(Beginning of DATA SHOWN)

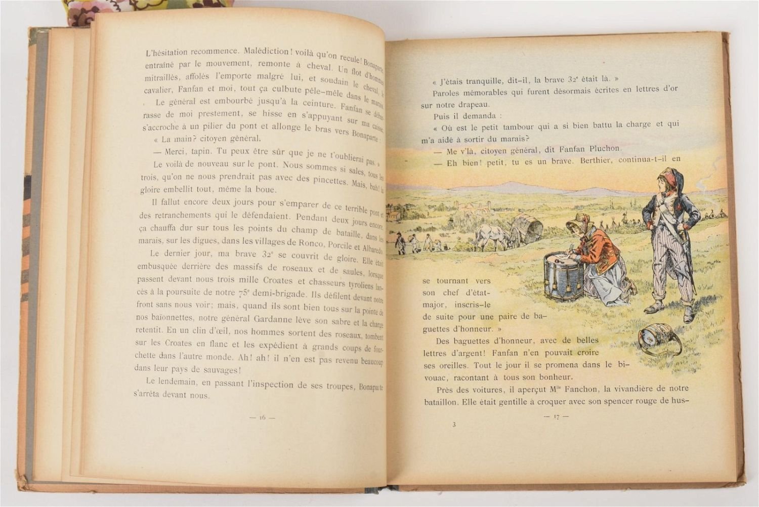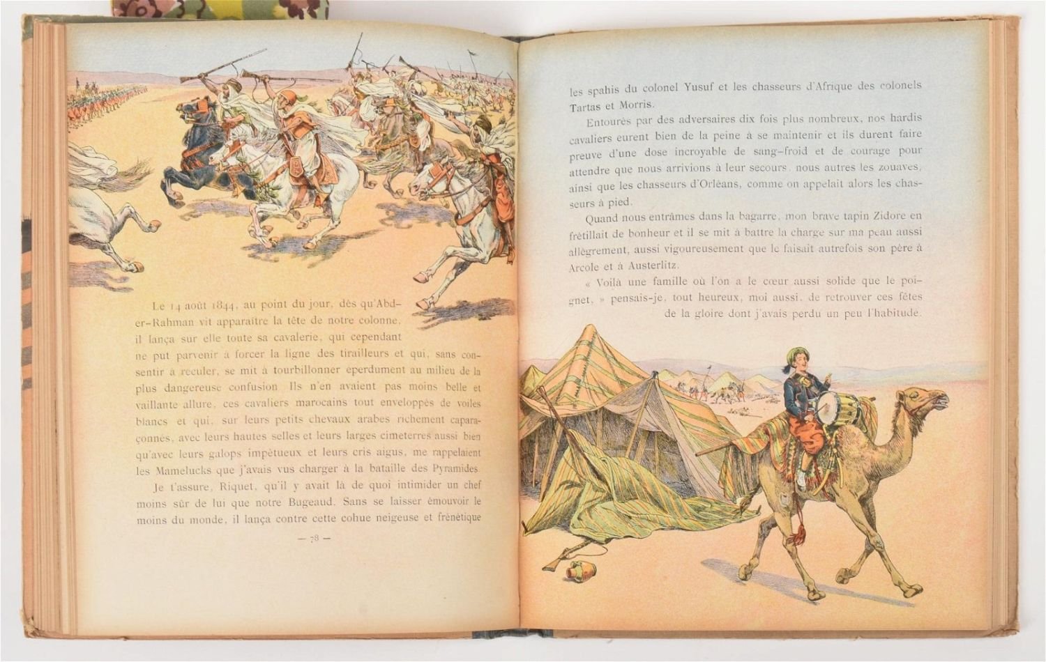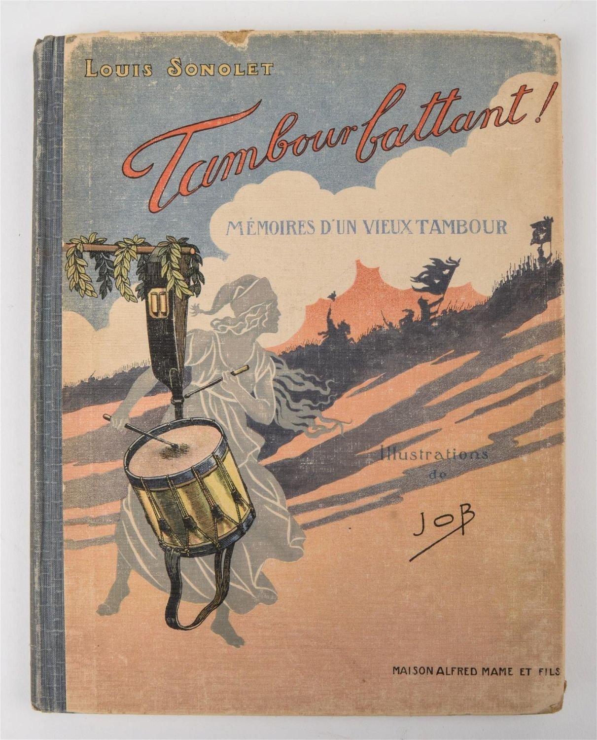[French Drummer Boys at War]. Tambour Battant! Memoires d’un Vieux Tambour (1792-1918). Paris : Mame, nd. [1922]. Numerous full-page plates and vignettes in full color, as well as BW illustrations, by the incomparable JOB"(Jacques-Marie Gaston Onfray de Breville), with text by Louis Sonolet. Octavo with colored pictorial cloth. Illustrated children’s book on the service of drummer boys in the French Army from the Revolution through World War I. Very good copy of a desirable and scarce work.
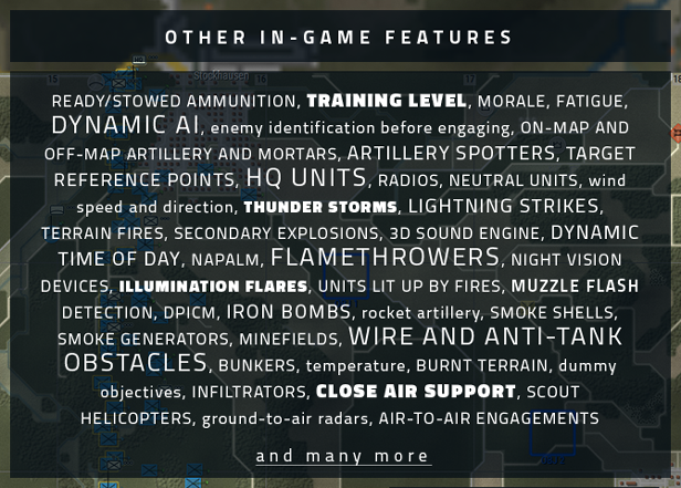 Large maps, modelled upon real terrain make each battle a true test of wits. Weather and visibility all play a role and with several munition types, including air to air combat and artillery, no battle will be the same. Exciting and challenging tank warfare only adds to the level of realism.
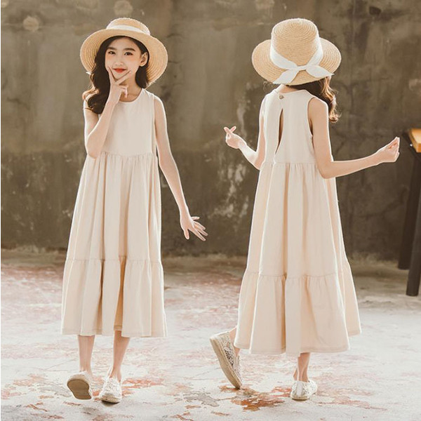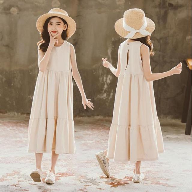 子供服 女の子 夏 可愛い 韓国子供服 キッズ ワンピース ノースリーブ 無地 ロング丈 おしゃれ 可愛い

(End of DATA SHOWN)
(Beginning of DATA SHOWN)

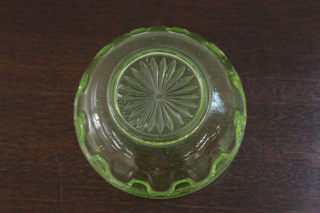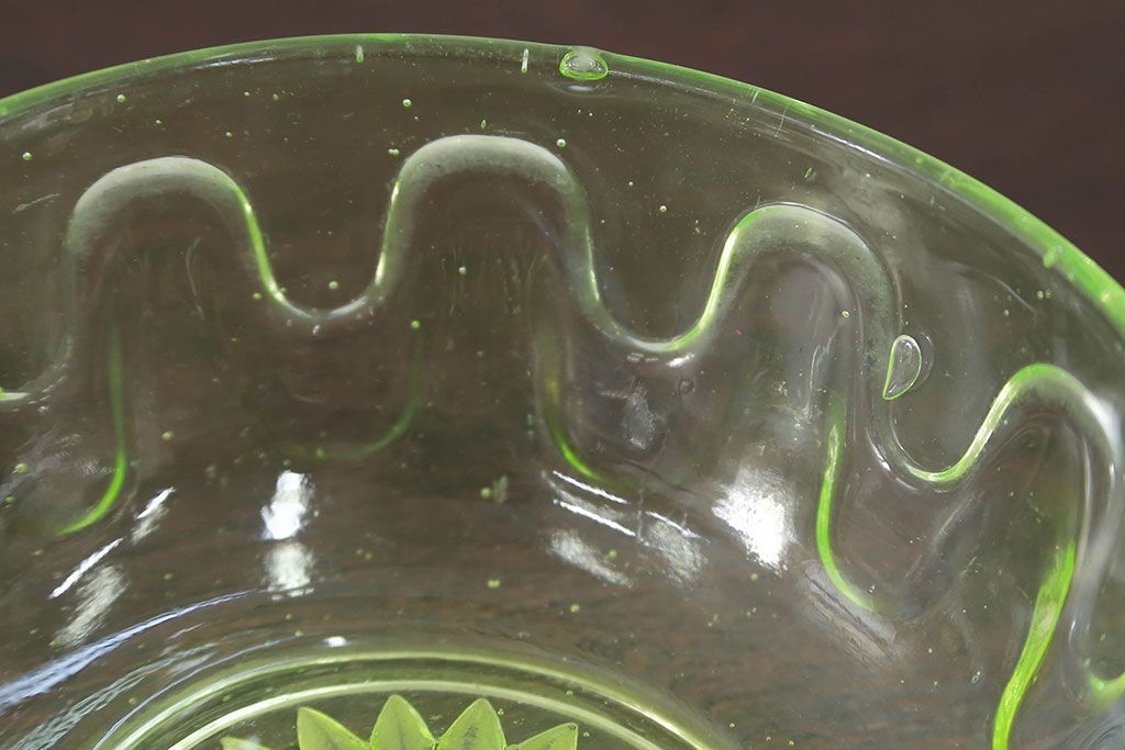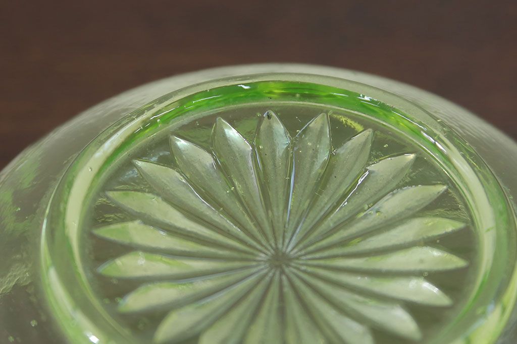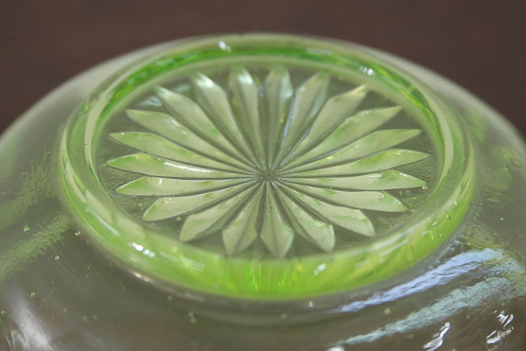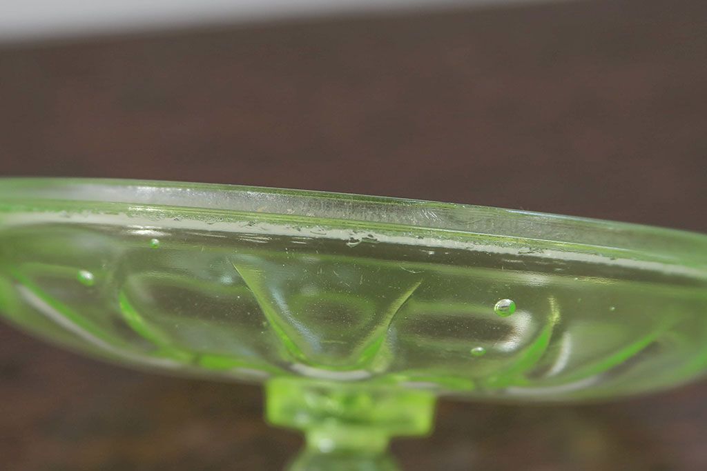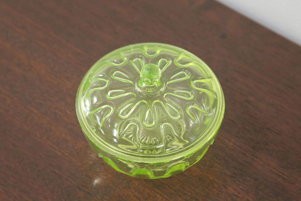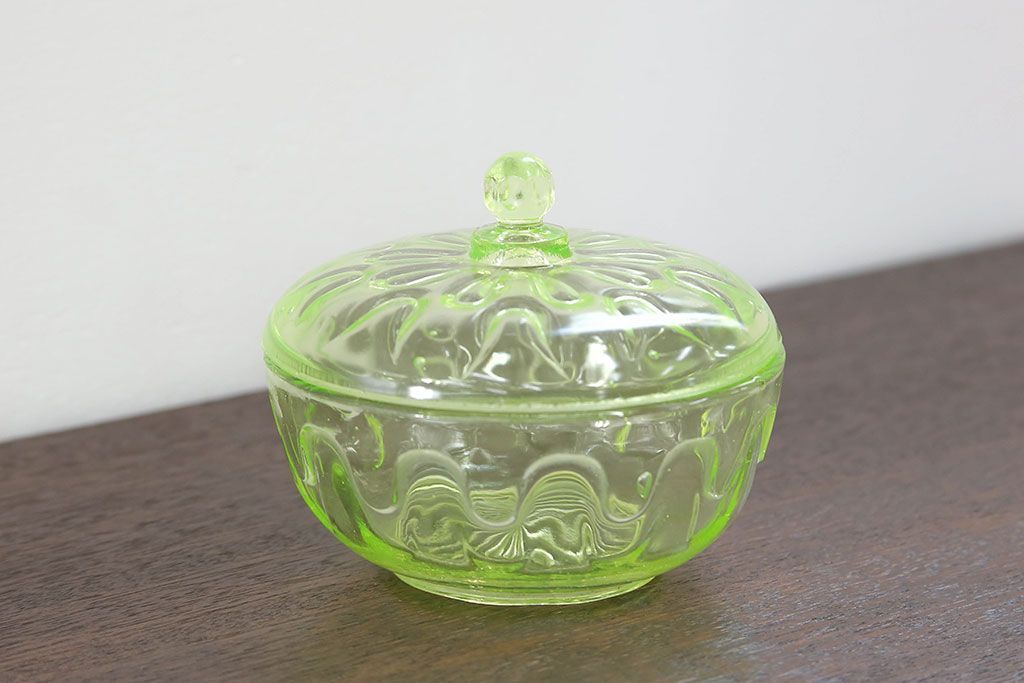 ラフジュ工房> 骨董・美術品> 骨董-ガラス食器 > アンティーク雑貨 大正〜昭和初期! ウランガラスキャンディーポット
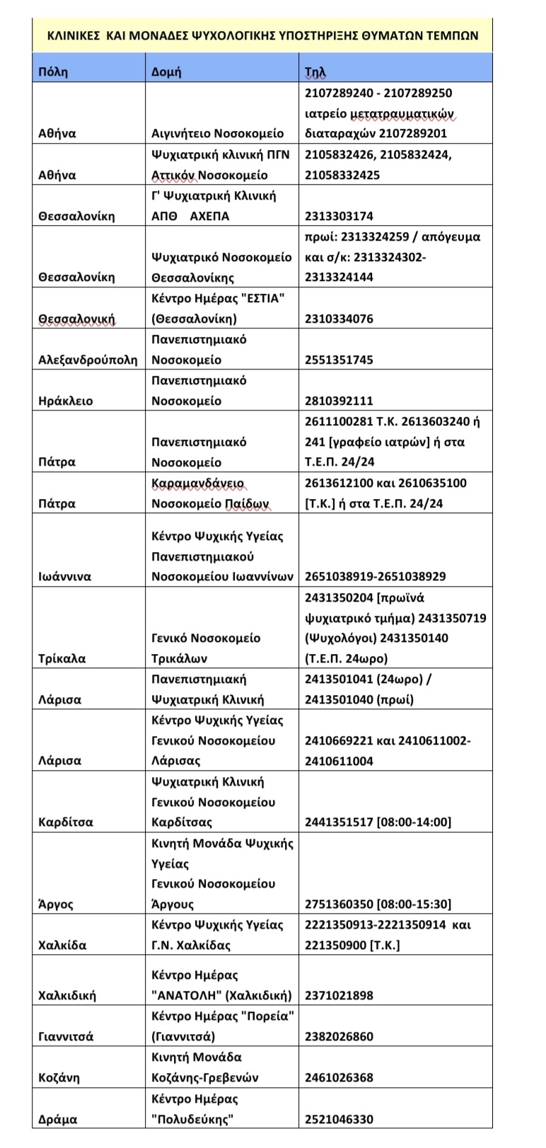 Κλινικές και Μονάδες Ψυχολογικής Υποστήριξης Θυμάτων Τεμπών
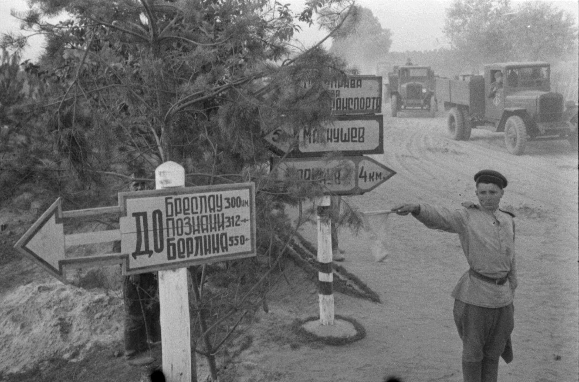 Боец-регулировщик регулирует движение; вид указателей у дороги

(End of DATA SHOWN)

## EXERCISE DESCRIPTION
Go back to the listing above and write out the lines starting at the one with "Large maps, modelled" and ending at the one with "子供服 女の子 夏 可愛い", inclusive, exactly and without pictures.

## TASK RESULT
 Large maps, modelled upon real terrain make each battle a true test of wits. Weather and visibility all play a role and with several munition types, including air to air combat and artillery, no battle will be the same. Exciting and challenging tank warfare only adds to the level of realism.
 子供服 女の子 夏 可愛い 韓国子供服 キッズ ワンピース ノースリーブ 無地 ロング丈 おしゃれ 可愛い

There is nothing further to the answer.